# Given entries
=======

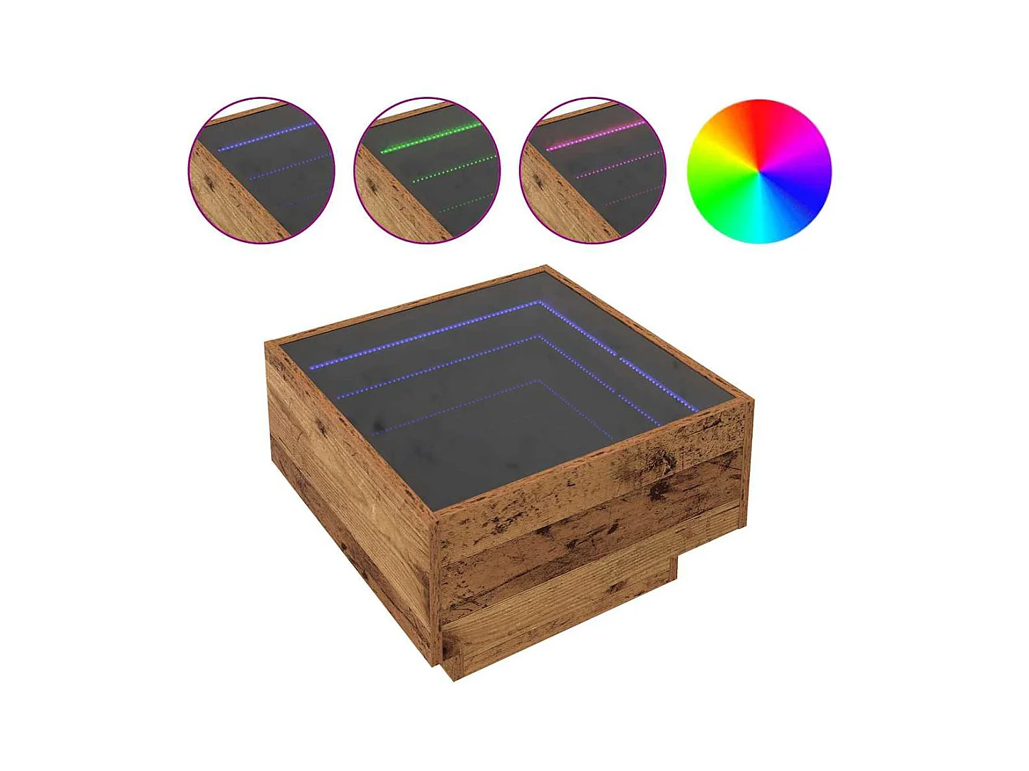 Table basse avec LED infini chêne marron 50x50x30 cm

=======

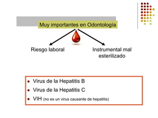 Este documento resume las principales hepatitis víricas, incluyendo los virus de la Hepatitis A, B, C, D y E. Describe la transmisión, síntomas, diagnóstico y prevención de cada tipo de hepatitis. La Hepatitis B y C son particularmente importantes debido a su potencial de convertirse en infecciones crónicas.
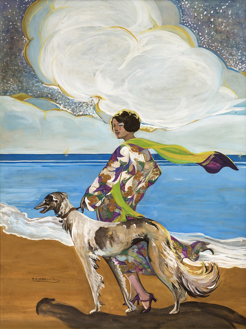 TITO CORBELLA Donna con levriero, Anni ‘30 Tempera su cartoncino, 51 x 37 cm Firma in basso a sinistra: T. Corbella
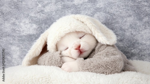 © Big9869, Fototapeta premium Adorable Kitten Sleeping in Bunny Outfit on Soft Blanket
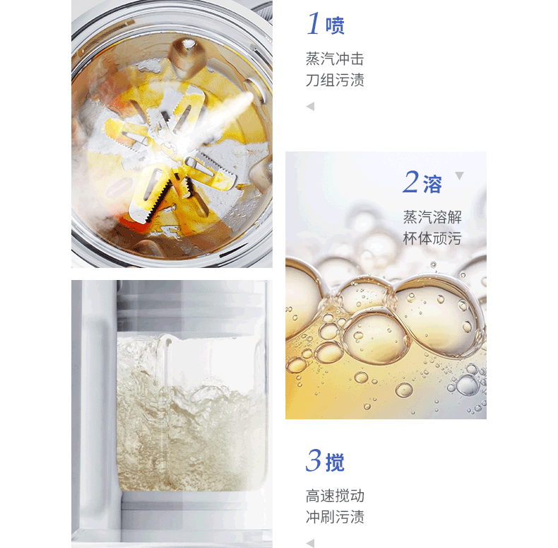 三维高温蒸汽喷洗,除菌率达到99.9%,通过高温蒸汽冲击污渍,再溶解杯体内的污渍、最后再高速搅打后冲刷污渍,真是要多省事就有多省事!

=======

In the material above, which lines fall between the one holding "on Soft Blanket" and the one holding "三维高温蒸汽喷洗,除菌率达到", inclusive? Print exactly those, with the pictures left out.

 © Big9869, Fototapeta premium Adorable Kitten Sleeping in Bunny Outfit on Soft Blanket
 三维高温蒸汽喷洗,除菌率达到99.9%,通过高温蒸汽冲击污渍,再溶解杯体内的污渍、最后再高速搅打后冲刷污渍,真是要多省事就有多省事!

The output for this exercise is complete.